(Beginning of Excerpted data)
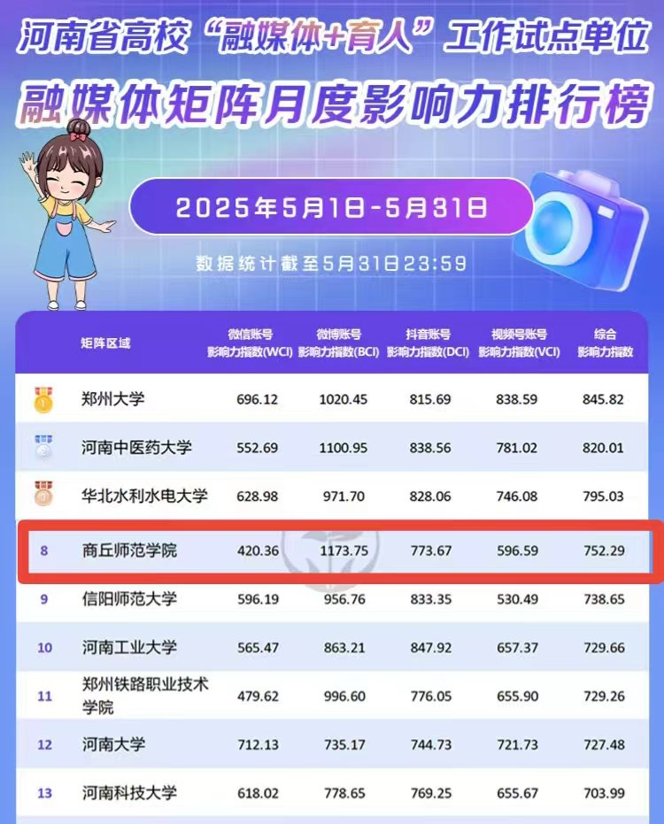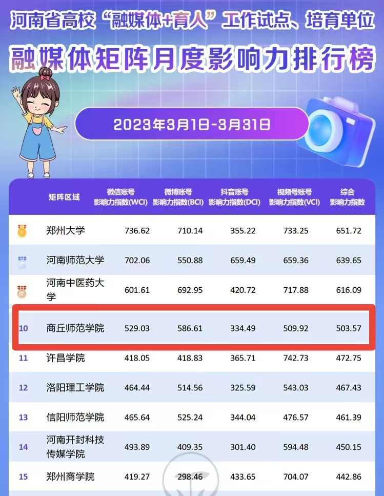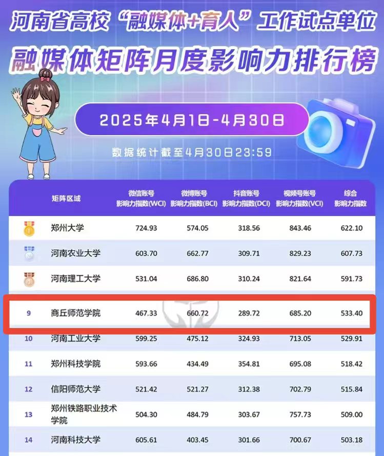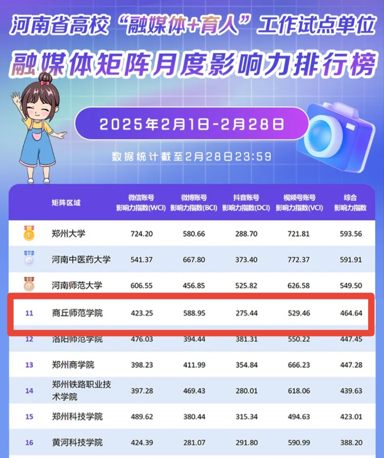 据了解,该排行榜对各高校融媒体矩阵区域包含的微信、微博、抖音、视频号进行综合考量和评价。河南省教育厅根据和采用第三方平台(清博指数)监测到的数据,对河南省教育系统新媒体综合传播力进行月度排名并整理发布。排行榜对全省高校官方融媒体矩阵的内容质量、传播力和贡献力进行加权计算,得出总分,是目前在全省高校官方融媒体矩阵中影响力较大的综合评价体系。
(End of Excerpted data)
(Beginning of Excerpted data)
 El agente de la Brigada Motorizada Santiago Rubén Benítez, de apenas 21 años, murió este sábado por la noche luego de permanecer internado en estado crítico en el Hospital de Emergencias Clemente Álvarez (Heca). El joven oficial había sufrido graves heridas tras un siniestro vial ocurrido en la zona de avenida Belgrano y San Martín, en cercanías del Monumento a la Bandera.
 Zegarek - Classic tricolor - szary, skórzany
(End of Excerpted data)
Prompt:
Output the lines of the records above exactly as they appear, from the line containing "El agente de" through the line containing "Zegarek - Classic tricolor - szary, skórzany".

Solved problem:
 El agente de la Brigada Motorizada Santiago Rubén Benítez, de apenas 21 años, murió este sábado por la noche luego de permanecer internado en estado crítico en el Hospital de Emergencias Clemente Álvarez (Heca). El joven oficial había sufrido graves heridas tras un siniestro vial ocurrido en la zona de avenida Belgrano y San Martín, en cercanías del Monumento a la Bandera.
 Zegarek - Classic tricolor - szary, skórzany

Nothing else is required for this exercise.